En effet, comme le laisse entendre Maryse, les sensations de l’accouchement ne sont certes pas agréables, mais elles n’iront pas au-delà de ce qui est supportable et les vivre pleinement aura pour effet de faciliter l’accouchement et l’issue de celui-ci : la rencontre avec un bébé qui sera bien éveillé, car il ne sera pas assommé par la médication. Elle hésite à utiliser le terme « douleur », car elle ne considère pas que cela reflète bien la réalité, mais plutôt un manque dans notre vocabulaire pour exprimer une telle puissance du corps. Maryse aussi utilise donc les vagues un peu à la façon des anglophones, comme la sage-femme Ina May Gaskin (2012), qui disent rushes plutôt que contractions comme analogie pour parler des contractions et de la « douleur » vécue :

De la douleur?! Ben c’est parce que c’est quelque chose qu’on vit juste à l’accouchement. C’est vraiment une douleur ou on peut nommer ça autrement? Je ne sais pas. C’est que le mot douleur, c’est ce mot qui existe dans notre vocabulaire pour exprimer ce qui se passe là. Si on peut parler en images, là je parlerais d’un […] ouragan, et tu es sur un petit bateau et des fois tu as des super grosses vagues, tu te dis : « Mon dieu!! Ça y’est, je vais chavirer!! » Bien non, tu tiens la barre et comme ça fait déjà 12 heures que tu tiens la barre, tu es fatiguée et tu te demandes si celle-là tu vas passer au travers et tu les prends l’une après l’autre. À un moment donné, ça devient super intense, tu trembles, tu es sur l’adrénaline, tu ne sais pas si oui ou non, ça pousse et finalement oups, ça y’est! Et là tu attends, et ça revient, et à moment donné, ça devient calme. Le gros soleil. Tu as ton bébé dans tes bras. C’est comme ça que je le vois. (Maryse)

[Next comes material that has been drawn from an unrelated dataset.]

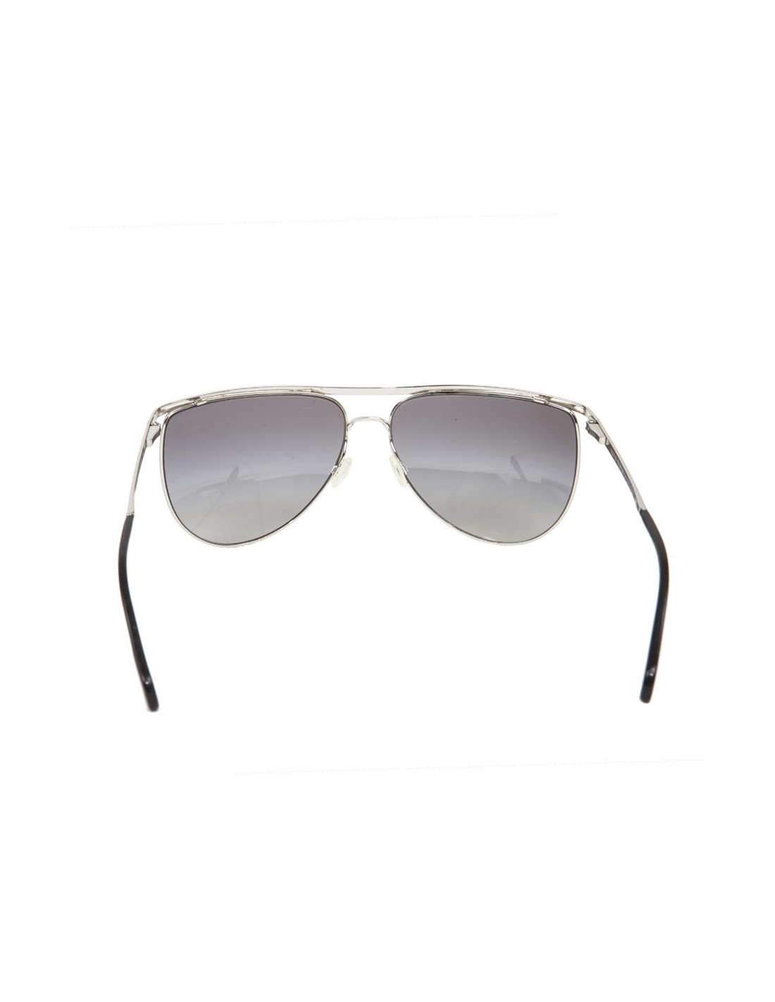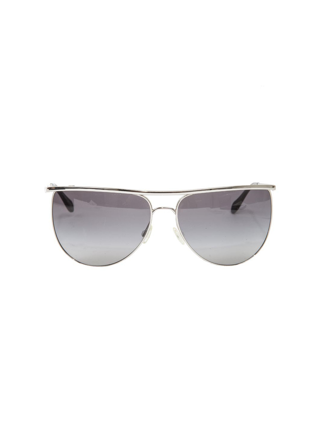 Lunettes de soleil Oliver Peoples pour Balmain Paris. Monture et branches en métal couleur argent, verres fumés brun dégradé. Made in Italiy.

71 Dominique ne s’aventure pas trop à parler de la douleur en des termes crus, elle utilise plutôt les propos d’Isabelle Brabant (1987) parus dans son article Ne touchez pas à ma douleur : « Mon corps fait vraiment son travail. Et, je me souviens, à l’accouchement de Juliette […], j’avais lu Isabelle Brabant… je me répétais tout le temps “Touchez pas à ma douleur!”, “Touchez pas à ma douleur!” […] Et je le sais que c’est une vague, que ça va, ça revient, et j’adore accoucher, j’aime ça moi accoucher. » (Dominique) Pour Dominique, tout comme l’a dit Maryse précédemment, les contractions sont des vagues qui viennent et qui repartent. L’important pour ces femmes semble être de se sortir de leur tête pour vivre les sensations dans leur corps et leur laisser faire leur travail. La comparaison du travail d’accouchement avec des vagues, des sensations liées à l’eau, mais pouvant être extrêmement intenses me semble révélatrice de la façon de concevoir les contractions comme naturelles, mais pouvant autant être productrices que destructrices, selon la façon dont la mère les perçoit.